Examples of group-theoretic results more easily obtained through topology or geometry
Earlier, I was looking at a question here about the abelianization of a certain group $X$. Since $X$ was the fundamental group of a closed surface $\Sigma$, it was easy to compute $X^{ab}$ as $\pi_1(\Sigma)^{ab} = H_1(\Sigma)$, then use the usual machinery to compute $H_1(\Sigma)$. That made me curious about other compelling examples of solving purely (for some definition of 'purely') algebraic questions that are accessible via topology or geometry. The best example I can think of the Nielsen-Schreier theorem, which is certainly provable directly but has a very short proof by recasting the problem in terms of the fundamental group of a wedge product of circles. Continuing this line of reasoning leads to things like graphs of groups, HNN-extensions, and other bits of geometric group theory.
What are some other examples, at any level, of ostensibly purely group-theoretic results that have compelling, shorter topological proofs? The areas are certainly closely connected; I'm looking more for what seem like completely algebraic problems that turn out to have completely topological resolutions.
The Kaplansky Conjecture asserts that the group ring $\Bbb Q G$ contains no non-trivial zero-divisors when $G$ is a torsionfree group.
It is implied by the Atiyah Conjecture, (a version of) which states that for every compact connected CW complex $X$ with $\pi_1(X)=G$, all $\ell^2$-Betti numbers are integers.
The Atiyah Conjecture is now known to be true for a great deal of groups - in particular for groups for which the truth of the Kaplansky Conjecture was unknown before.
There is an exact sequence, due to Hopf: $$\pi_2(X) \to H_2(X) \to H_2(\pi_1(X)) \to 0,$$ where the first map is the Hurewicz map.
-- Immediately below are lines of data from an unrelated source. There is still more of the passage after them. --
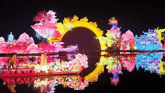 在園博苑主展島,以生肖“馬”為文化符號,45個品種13.6萬株郁金香打造出“瑞馬迎春”“風(fēng)車牧場”等特色景觀,荷蘭風(fēng)情與廈門濱海特色巧妙融合,層層疊疊的花海像被打翻的調(diào)色盤。夜幕降臨,園博苑的浪漫又別有一番風(fēng)情。作為目前省內(nèi)規(guī)模最大的夜游光影盛會,“歡樂光域·廈門園博苑燈會”通過9大主題板塊30多組大型燈組點(diǎn)亮夜色,光影交織間勾勒出閩南獨(dú)特神韻,讓游客在繁花與燈火間感受新春的熱鬧氛圍。
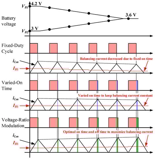 The main goals of the battery equalizer include high energy transfer efficiency, fast balancing speed, and safety in use. Moreover, the primary requirement is to achieve equilibrium rapidly. The key to the balancing speed is directly related to the balancing current. In the conventional control method, the duty cycle which means the conduction time of the main switch is constant as the buck-boost converter is used as an equalizer structure. Since the voltage of the high-SOC battery during the equalization process gradually decreases, the voltage difference between adjacent batteries becomes smaller so that the balancing current will drop if the conduction time does not change adaptively, resulting in a significant time cost in the equilibrium. Therefore, if the magnitude of the balancing current can be regulated according to the voltage of the battery, it could speed up the balance. In this circuit, the inductor current integrated over one switching period can be regarded as the average current from the battery while the main switch is turned on, so the balancing current can be controlled by changing the time interval of the conduction state. A concept diagram of the three strategies with balancing current control is shown in Figure 4, where iLm is the inductor current and IB1 is the average current of battery VB1.
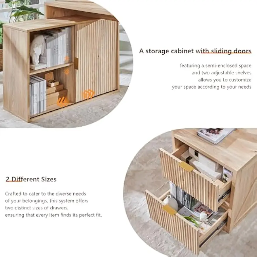 Modern L-shaped Fluted Credenza Desk w/Storage Cabinet & Drawers
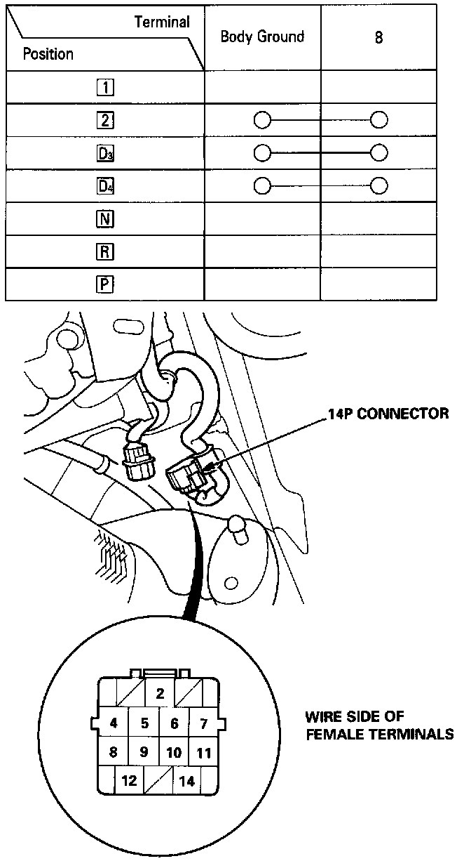 1. Disconnect the 14P connector from the A/T gear position switch.A/T Gear Position Switch Test:
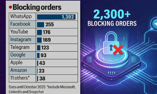 – केंद्रीय गृह मंत्रालय के ‘सहयोग’ पोर्टल के माध्यम से अक्टूबर 2024 और अक्टूबर 2025 के बीच व्हाट्सएप, फेसबुक, यूट्यूब और इंस्टाग्राम सहित 19 ऑनलाइन प्लेटफार्मों को 2,300 से अधिक ब्लॉकिंग आदेश भेजे गए।
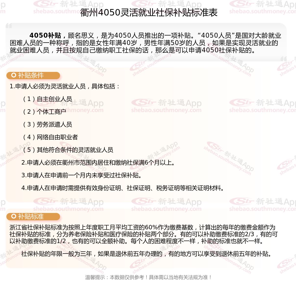 一、衢州4050社保补贴标准及条件2025年最新消息
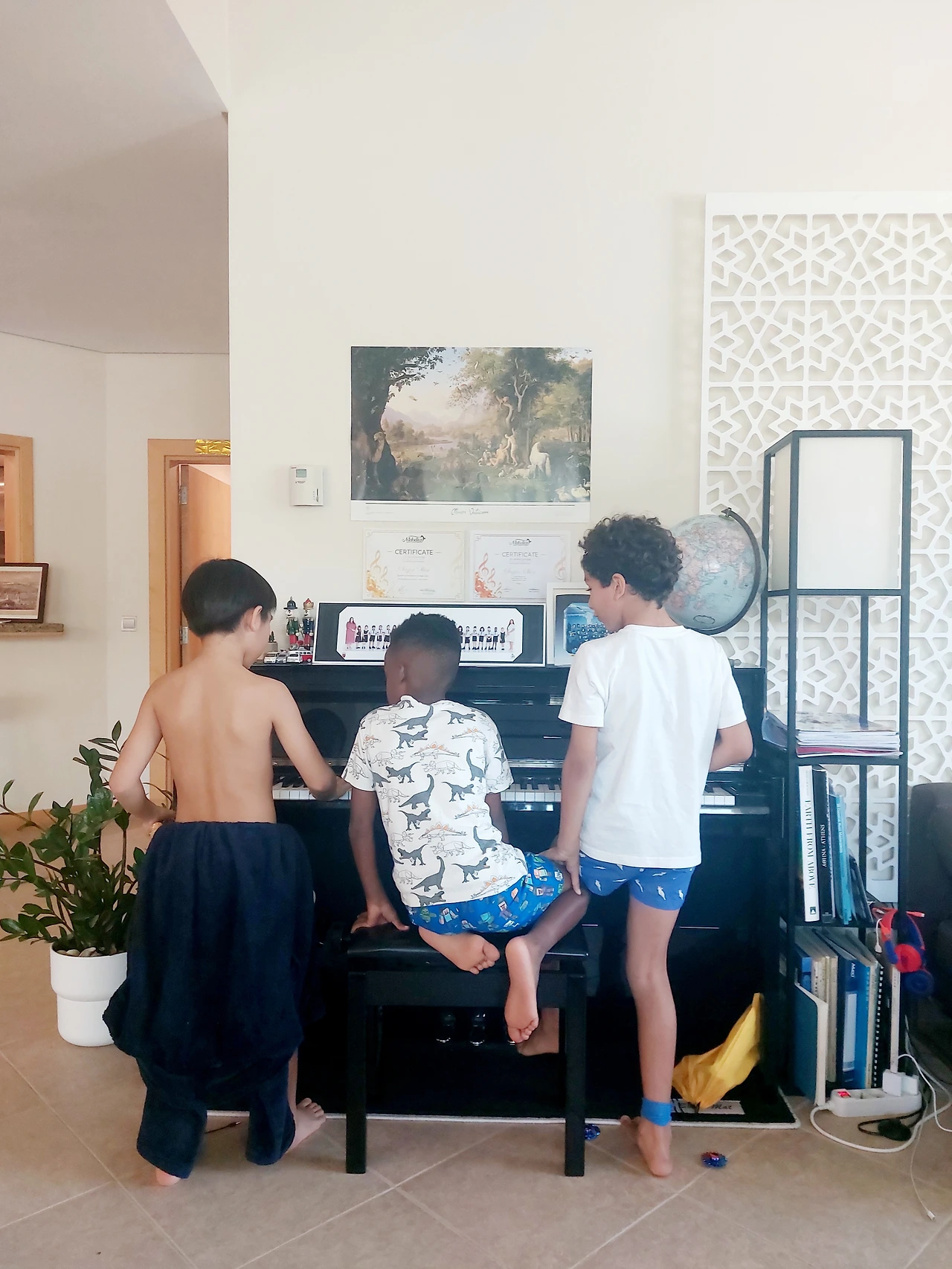 금요일마다 아이는 정오 즈음 하교를 한다. 평소보다 세 시간 일찍 학교에서의 일과가 끝나는 날이기도 하고 일주일 간의 나름 고된 어린이의 사회생활을 마무리 짓는 날이기도 하니 나는 너 수고 많았다, 어깨 툭툭 의미로 플레이 데이트* 계획해 주곤 한다. 이번 주에도 같은 반 친구 두 명을 집으로 초대했다. 아이들은 둘러앉아 팽이 수 십 개를 경쟁하듯 돌리더니(몇 개 고장남) 곧이어 피아노를 열어젖혀 셋이 동시에 건반이 부서져라 두드리고선(진짜 부서지는 줄 알았다...) 간식을 먹은 후 수영장으로 달려 나갔다.

In some sense, $H_2(\pi_1(X))$ measures how surjective the (2-dimensional) Hurewicz map is. The purpose of this answer is to sell you on this exact sequence. Here's a small result you can prove with it.
Theorem: if $G$ is the fundamental group of a homology sphere, then $H_1(G) = H_2(G) = 0$. In particular, this is true of the binary icosahedral group (a double cover of $A_5$), which is the fundamental group of the Poincare sphere.
Proof: $H_1(G) = G^{ab} = H_1(X) = 0$. That $H_2(G) = 0$ follows immediately from the above exact sequence, because $H_2(\pi_1(X))$ is a quotient of $H_2(X)$.
Two notes.
1) I don't know an easier or different way at all to prove this fact.
2) This property actually characterizes fundamental groups of homology spheres. It is an old theorem of Kervaire that if $G$ is a finitely presented group with trivial $H_1$ and $H_2$, then for fixed $n > 4$, you can find a homology $n$-sphere with fundamental group $G$. $n=3,4$ are (as usual!) something of a mystery.